I have been looking at websites that offer colon cleanse reviews but I am still iffy if I want to do that. I have having anything intrusive done on me. I hate going to the doctors. Although if this doesnt fix itself I might have to go. I just cant stand having things doen to me. I probably suffer from all this crap for not eating right. I need to have more fiber and more veggies in my diet. I know I need to eat better but I still dont follow my own advice.





such sorrow I feel

I hadn’t thought about it till now but we are all going to need some sport sunglasses cause I am sure our eyes will be so puffy from the crying. I just wish we didnt have to buy the sunglasses for such a sad occasion.
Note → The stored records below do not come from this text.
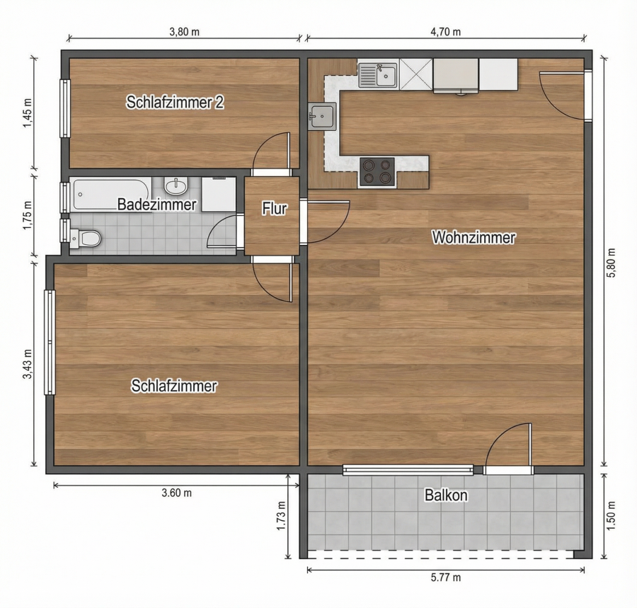 Geräumige möblierte 3-Zimmer-Wohnung mit 2 Bädern & Tiefgarage – Gladbeck Innenstadt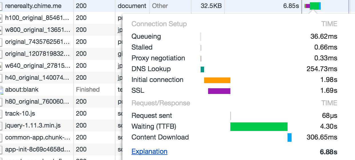 如下图所示:DNS解析花了254ms,建立tcp连接花了1.98s,建立https连接花了1.69s,从建立完连接到接收到第一个字节的数据(TTFB,Time To First Byte)等了4.3s,下载时间花了306ms(基于某次实验)。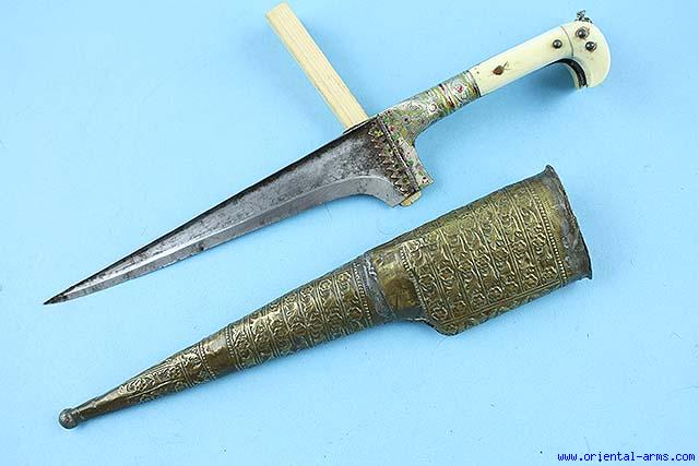 This Choora knife is a typical example from the second half of the 19th century and it is coming from the Khayber pass area between India and Afghanistan. It was carried by the Mahsud people residing in this area. The blade is 7 inches long with the usual “T” back and reinforced edge. The grips are made of sectors of elephant ivory riveted to the tang with four rivets. Four small metal bells are attached to the pommel top. The bolster and the hilt strap are engraved white metal with painted spots. The scabbard is wood, covered with chased brass. Total length in scabbard 12 1/2 inches. Very good condition. Minor edge nicks and blackened spots on the blsde. All parts are old and original. |

I have been waking up from the little bit of sleep I have been getting and I keep wishing it was just a nightmare a really bad nightmare but sadly that is not the case. We still cant get over how we could have lost such an important person in our life. He was the rope that held this family together.

I dont know how we are going to get through this loss. I dont know how his mom is going to survive all of this . I can barely keep my composure how do u think she must be.
Please I need to find the strength from somewhere not to fall into the sadness that is dwelling me right now.